In the article, the creators of the scientific robot noted that while the discoveries were “modest,” they were also not “trivial.”

Later, a second scientific robot, called “Eve”, was created to study drug candidates against malaria and other tropical diseases.

According to King, robotic scientists already have several advantages over the average human scientist.

“It costs less money to do science, they work 24/7,” he explained, adding that they are also more diligent in recording every detail of the process.

At the same time, King admitted that AI is far from approaching a Nobel-worthy scientist.

To do this, they would need to be “much smarter” and able to “understand the bigger picture.”

Not even close

Inga Strumke, an associate professor at the Norwegian University of Science and Technology, said the scientific profession is safe for now.

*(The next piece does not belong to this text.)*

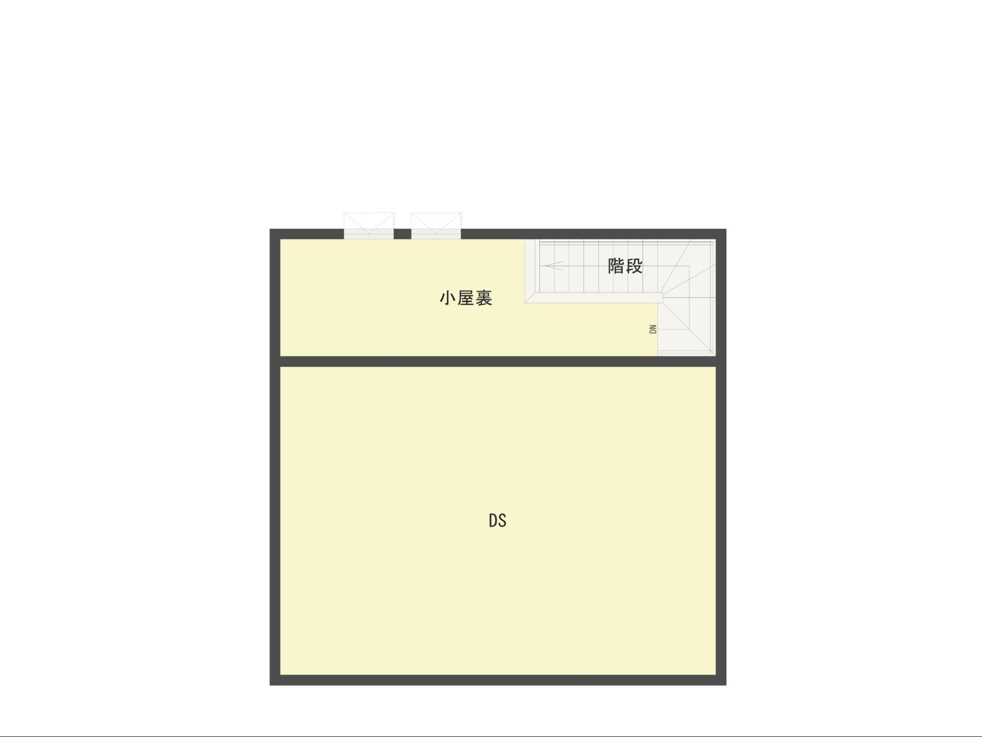 こちらの事例は平屋で1階部分の上に小屋裏収納を設けた事例です。小窓があり、圧迫感がなく、採光・通風も確保されています。

“Scientific tradition is far from being replaced by machines in the near future,” he told AFP.

However, Strumke added that “it doesn’t mean it’s impossible,” adding that it’s “definitely” clear that AI is and will have an impact on the way science is done.

An example of how it is already in use is AlfaFold — an AI model developed by Google DeepMind – which is used to predict the three-dimensional structure of proteins based on their amino acid.

“We knew there was some relationship between amino acids and the final three-dimensional shape of proteins… and then we could use machine learning to find it,” Strumke said.

He explained that the complexity of such calculations was too overwhelming for humans.

“We have some kind of machine that did something that no human could do,” he said.

At the same time, for Strumke, the AlphaFold case also demonstrates one of the weaknesses of current AI models, such as so-called neural networks.

They are very good at processing massive amounts of information and coming up with an answer, but not very good at explaining why that answer is correct.

Thus, although the more than 200 million protein structures predicted by AlphaFold are “extremely useful,” “they don’t teach us anything about microbiology,” Strumke said.

Helped by AI

For her, science seeks to understand the universe and is not simply about “making the right assumption.”

Still, the groundbreaking work done by AlphaFold has led experts to put their minds behind it as favorites for a Nobel Prize.

Google DeepMind Director John Jumper and CEO and Co-Founder Demis Hassabis have already been honored with the prestigious Lasker Prize in 2023.

The analysis group Clarivate, which monitors potential Nobel prize winners in science, places both among the first candidates for the 2024 Chemistry Prize, announced on October 9.

David Pendlebury, head of the research group, admits that while a 2021 paper by Jumper and Hassabis has been cited thousands of times, it would be inappropriate for the Nobel jury to award a paper so quickly after its publication, as most discoveries that are made. honored dates back decades.

At the same time, he is confident that it won’t be long before AI-assisted research wins the most coveted scientific prize.

“I’m sure that in the next decade there will be Nobel Prize winners who will be helped in some way by computing, and computing today is increasingly AI,” Pendlebury told AFP.